The cryptocurrency market is in the red again. In just a few days, capitalization lost more than $110 billion, and Bitcoin is holding on the edge — around $107,000. And at this very moment, TV host and former hedge fund manager
Jim Cramer stated that ‘crypto is ready to move up.’ However, for the market, such statements are more of a warning. History shows that when Cramer talks about growth, the price often goes the other way.
Market pressure intensifies
Since the start of the week, cryptocurrency capitalization has fallen to $3.64 trillion. Bitcoin dropped 3% in a day, Ethereum, Solana, and BNB lost about 5%, and XRP fell below $2.40, failing to meet expectations for ETF approval.
Regulatory stagnation increases uncertainty. Due to the US government shutdown, the Securities and Exchange Commission froze nearly 90 applications for crypto funds, including products based on Solana and XRP. Inflows into existing Bitcoin ETFs also decreased — from $159 billion to $146 billion.
Capital returns to risk
Against the backdrop of market weakness, investors’ attention switched to a new initiative by the largest American bank — a $1.5 trillion investment program to restore US industrial infrastructure.
This project is not directly related to crypto, but the massive liquidity injection stimulates risk appetite. Analysts believe that part of the funds may seep into digital assets, increasing market volatility.
Bitcoin holds key support
The $107,000 level has become the main benchmark for traders. If buyers can hold it, institutions may continue to buy the dips and stabilize the price. Otherwise, the market may see a move to $105,000, and altcoins face a new wave of decline.

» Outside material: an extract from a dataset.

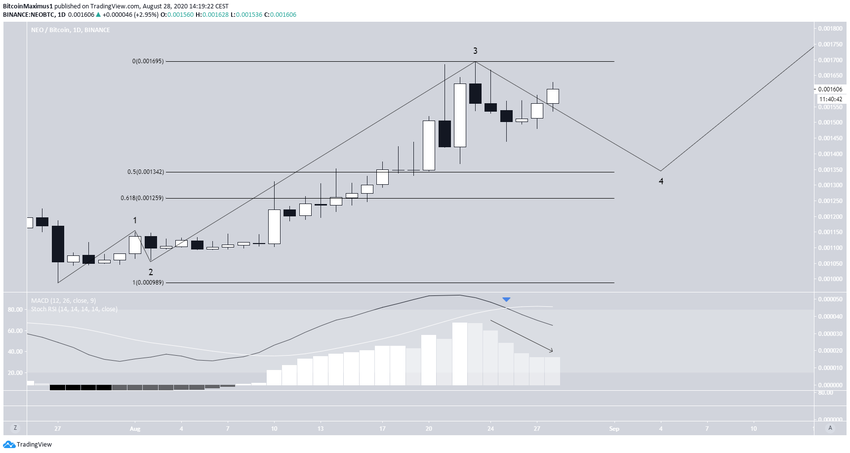 Depuis le 27 juillet, le cours a probablement démarré une formation ascendante impulsive. Dans ce cas, il se trouve actuellement dans la quatrième vague, qui terminera probablement entre 0,00125₿ et 0,00135₿, soit les niveaux Fibonacci 0,5 et 0,618.

Trading volumes remain moderate, and market participants are taking a wait-and-see approach. Investors are watching ETF inflow dynamics and regulator decisions, waiting for reversal signals.
Sentiment is mixed
A short-term rebound is possible: after two days of declines, the market often recovers. But without a confident flow of funds into ETFs and without institutional participation, any growth risks remaining local.
For many, Cramer’s words sound like a reverse indicator — when he talks about growth, the market often goes down. Against the backdrop of falling capitalization and slowing ETF inflows, this sounds more like a reason for caution than a buy signal.
What’s next?
In the coming days, the market’s attention is focused on the $107,000 mark. Holding this level may revive buyer interest, while a breakdown could open the way to $105,000 and intensify the correction. The fate of Bitcoin’s next move depends on whether liquidity appears from funds and how quickly the SEC resumes operations.